The counterbalance to this, he adds, is the stifling uniformity of the American front garden: ‘The lawns running down to the sidewalk and the picket fence. That contrast is huge and completely fascinating.’

Most of all, he admires the Americans’ uninhibited love of innovation. We Brits, on the other hand, still tend to re-create and reform our cultural inheritance when it comes to gardens: ‘We are not, by and large, comfortable with the genuinely modern.’

His main criticism about the British approach to gardening, however, is our focus on how to do it and not nearly enough on what we’re doing. ‘The whole point about gardening is not to learn how to garden, but is to find solace, is to be happy, is to make beauty, is to have spiritual communion, is to have fun and muck about. How we do that really, really doesn’t matter.’

My Garden World: The Natural Year by Monty Don (Hachette) and American Gardens by Monty Don and Derry Moore (Prestel Verlag GmbH & Co KG) are published in September 2020.

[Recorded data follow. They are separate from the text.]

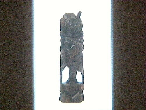 Statyett i mörkbrunt trä med metaller inhamrade. Stående man med ena bent upplyft, svärd på ryggen. Föremålet har troligtvis kommit till Lidköping via lidköpingssonen Enoch Gillström som var missionär i Kina utskickad av Lidköpings Missionsförsamling 1912. Han stannade i Kina till 1921 för att sedan fortsätta sitt missionärsarbete i Canada.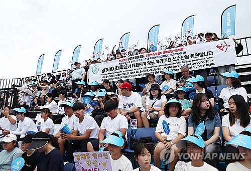 (광주=연합뉴스) 김성민 기자 = 12일 광주 동구 국립아시아문화전당 5·18민주광장에서 열린 2025 세계양궁선수권대회 리커브 여자 개인전 8강에서 시민들이 응원을 하고 있다. 2025.9.12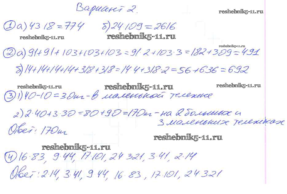 Готовая домашняя работа с ответами по Математике за 5 класс Попов Самостоятельные и контрольные работы УМК Экзамен 2016 ФГОС - СР-11. Варианты 2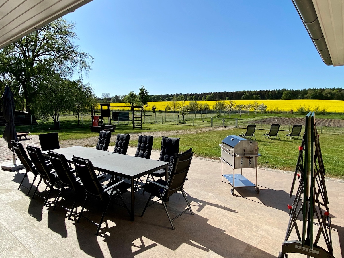Sit back and relax - in this quiet, stylish accommodation. The wooden house, built in 2023, is beautifully situated in the countryside, 5 minutes from Lake Boissow. The surrounding area in the Schaalsee biosphere reserve is ideal for cycling, hiking and birdwatching. The house has everything you need for rest and relaxation. A bright, cosy living room with a wood-burning stove, a view of nature, a sauna and a spacious covered terrace that can be used in any weather.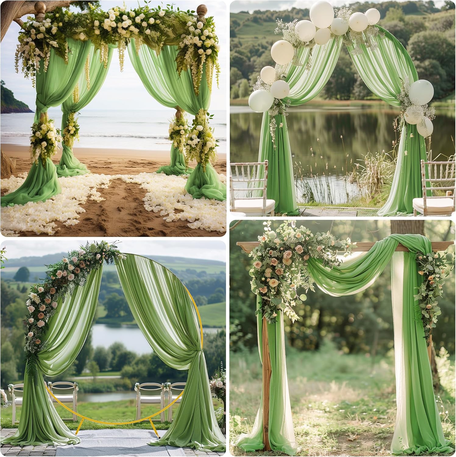 Wedding Arch Draping Fabric 6 Panels 28.7" x 20FT Sage Green Sheer Chiffon Backdrop Drapes for Wedding Ceremony Birthday Party Bridal Shower Outdoor Decoration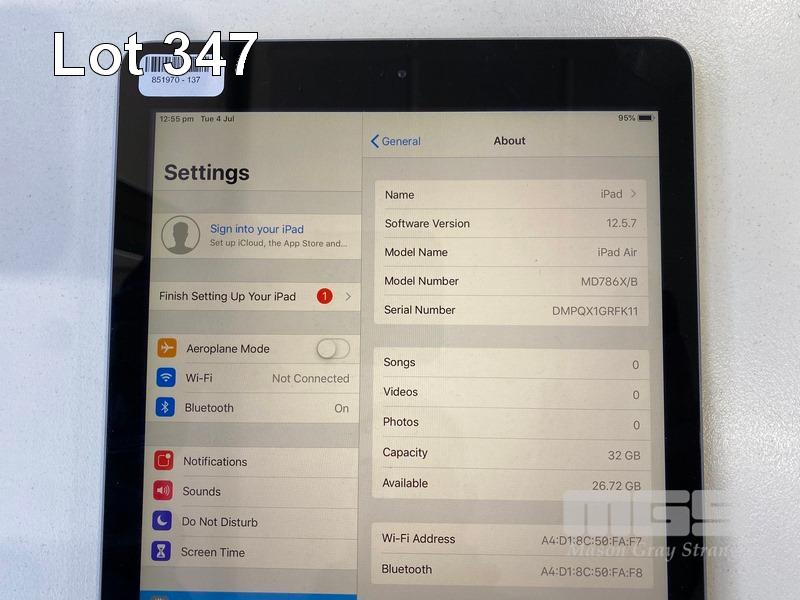 APPLE iPAD AIR, 32GB, Wi-Fi, SPACE GREY, MODEL A1474, MD786X/B (NO CABLE, NO CHARGER) S/N:DMPQX1GRFK11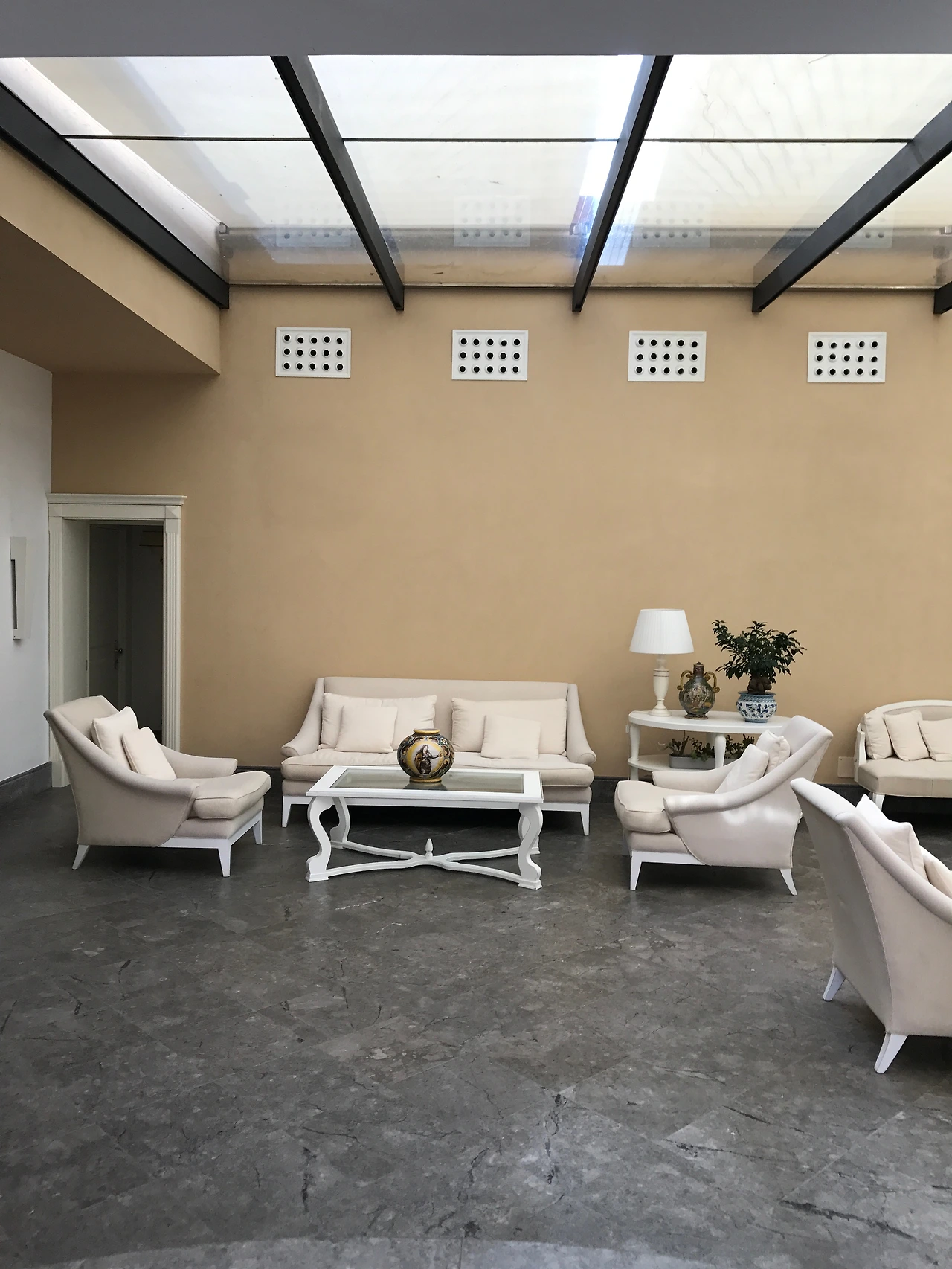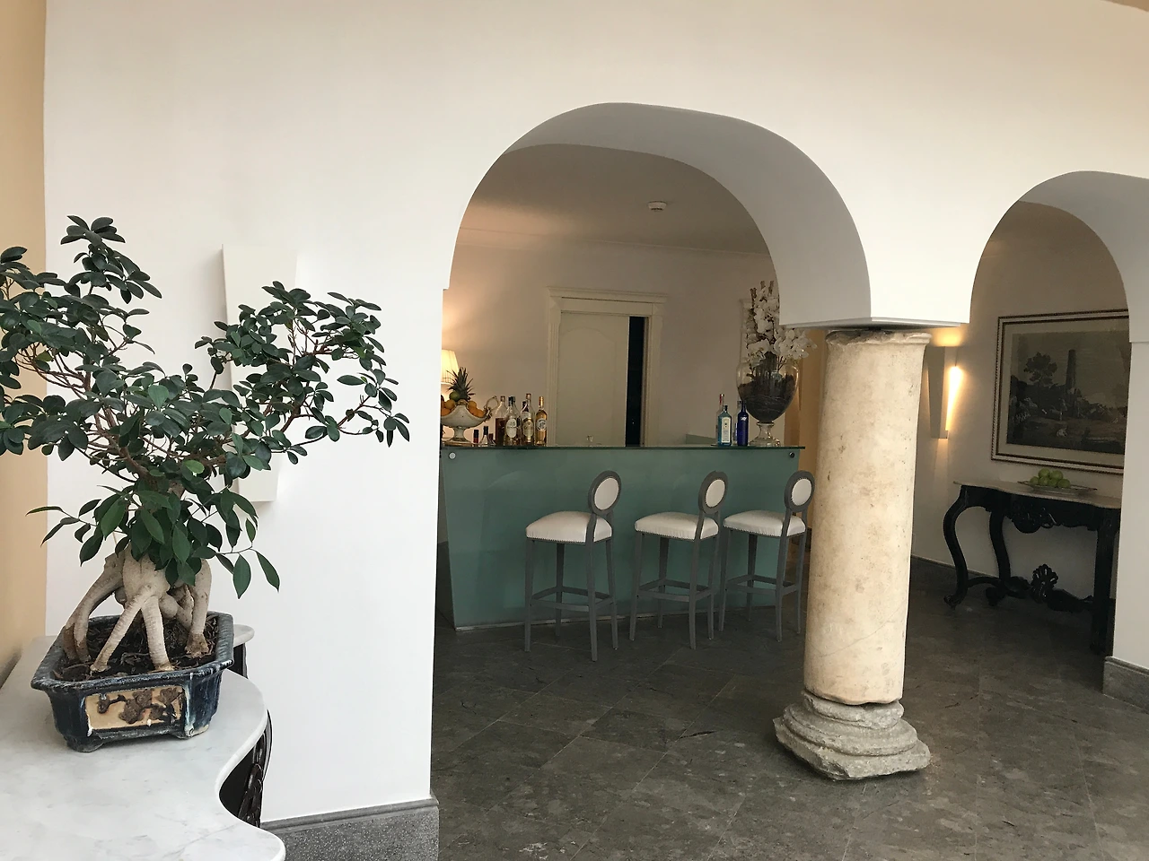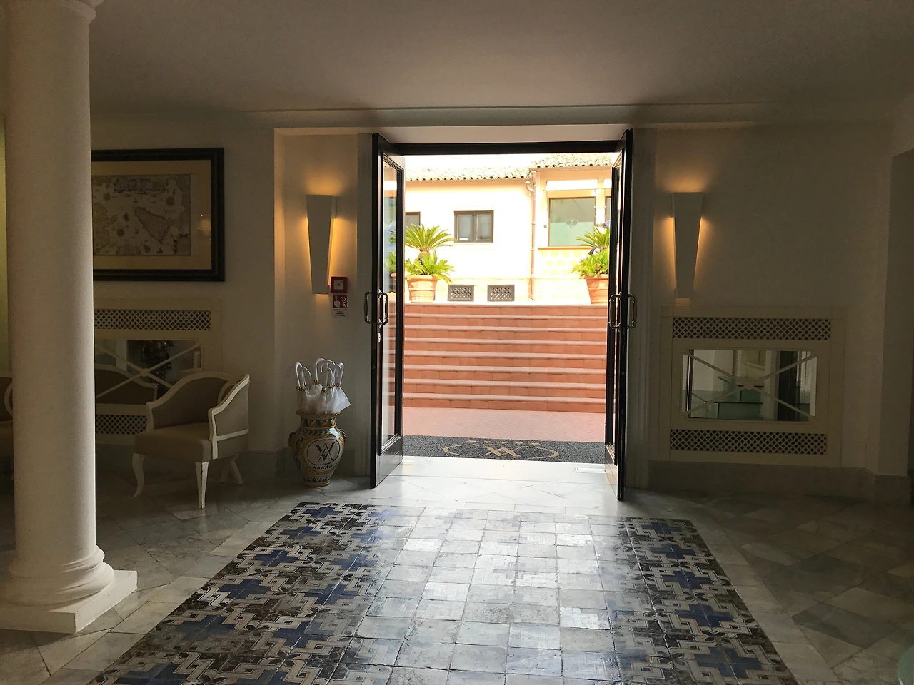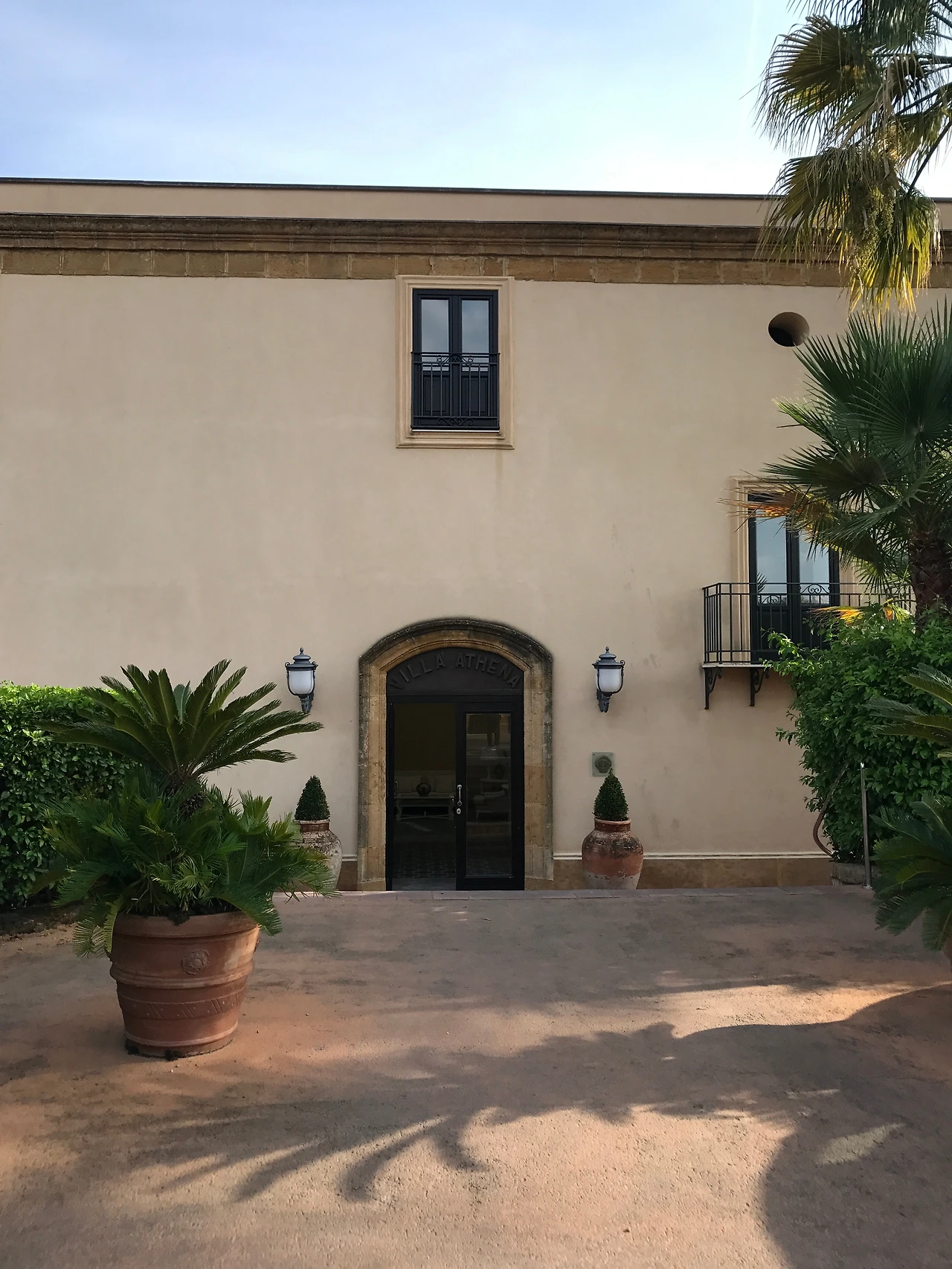 휴양지 느낌과 클래식한 느낌이 공존하는 호텔 빌라 아테네의 입구

Monty Don’s favourite things

  • Where is your favourite place in Britain? The Llanthony valley in the Black Mountains, Wales.
  • Book? The Goshawk (T. H. White).
  • Music? I can’t imagine life without the Beatles or Dylan, but it’ll have to be the Brandenburg Concerto (J. S. Bach).
  • Food? Breakfast with yoghurt and fruit from the garden, followed by fresh eggs and homegrown chillies with sourdough toast. Tea, not coffee.
  • Dinner guest? Rose Gray (chef and writer, who died in 2010) — I do miss her.